O artigo científico, publicado na revista científica "Papers In Paleontology", descreve a descoberta da nova espécie "Cambelodon torreensis", um mamífero do Jurássico Superior português que os investigadores acreditam que poderá ter andado na Terra há cerca de 100 milhões de anos.
A descoberta, que trouxe informações "sobre a evolução dos mamíferos primitivos, bem como a sua dieta e mecânica de mastigação", foi estudada por investigadores portugueses, brasileiros e belgas, num trabalho desenvolvido sobretudo por Víctor Carvalho durante a sua dissertação de mestrado em Paleontologia na NOVA FCT.
Em declarações à agência Lusa, o orientador da investigação, Bruno Camilo, disse tratar-se de "uma descoberta muito rara", tanto pela sua localização, quase numa espécie de armadilha natural", como pela quantidade de "ossos", incluindo dentes e a mandíbula de um mamífero da Ordem Multituberculata, um grupo extinto.
Descoberta em Cambelas, no concelho de Torres Vedras, no distrito de Lisboa, a nova espécie, denominada "Cambelodon torreensis", pertencia ao grupo de mamíferos que teria conseguido sobreviver em terra devido a algumas particularidades como "dentes bizarros".
"Eram animais muito pequenos, do tamanho de um esquilo, quadrúpedes", descreveu Bruno Camilo, acrescentando que a sua dentição "parece sugerir que eram omnívoros, com uma dieta generalista".
"Não há hoje nada vagamente semelhante a eles", diz Ricardo Araújo, num comunicado em que sublinha que "a descoberta do Cambelodon oferece dados absolutamente novos sobre a origem deste grupo".
O fóssil encontrado em Cambelas foi analisado por nanotomografia no Instituto Superior Técnico, tendo sido "possível identificar que se tratava de um indivíduo jovem, ainda com os dentes de leite preservados".
Uma descoberta rara que permitiu "distinguir o padrão de substituição dentária desta espécie, ou seja, a ordem pela qual os dentes são substituídos", explicou Víctor Carvalho, autor principal do artigo.
"Entre os mamíferos modernos e multituberculados, a substituição dos dentes é feita predominantemente da frente para trás (primeiro os incisivos, depois os caninos, os pré-molares e, por fim, os molares).
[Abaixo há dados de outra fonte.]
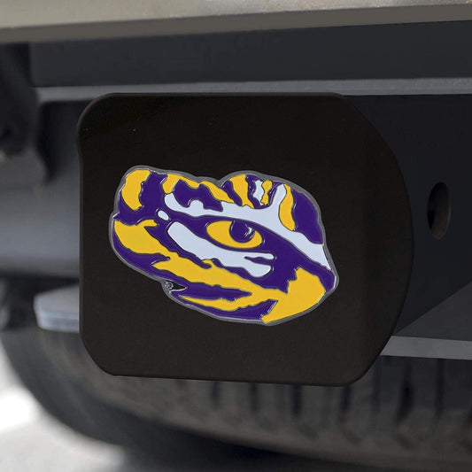LSU Tigers Solid Metal Black Hitch Cover with Color Metal Emblem 2 Inch Square Type III Louisiana State University

O Cambelodon apresenta uma substituição dentária inversa, ou seja, de trás para a frente e de forma não sequencial".
Esta substituição é extremamente rara: só se conhecem mais dois exemplares de multituberculados em todo o mundo, uma espécie encontrada na China e outra em Portugal, na mina de Guimarota, como se lê no texto.
O Cambelodon foi classificado como membro da família Pinheirodontidae, um grupo de multituberculados criado há quase 30 anos com base em fósseis encontrados em Portugal.
Desde então, foram também identificados representantes desta família em Espanha, Alemanha e Inglaterra, mas todos são conhecidos apenas por dentes isolados.
O fóssil foi descoberto em 2022, numa zona "onde existem pelo menos três pequenos dinossauros", disse Bruno Camilo, acrescentando que o bloco completo, que faz parte da coleção da Sociedade de História Natural(SHN) de Torres Vedras, está a ser estudado, devendo os fósseis ser expostos no centro de investigação paleontológica, em Santa Cruz, Torres Vedras.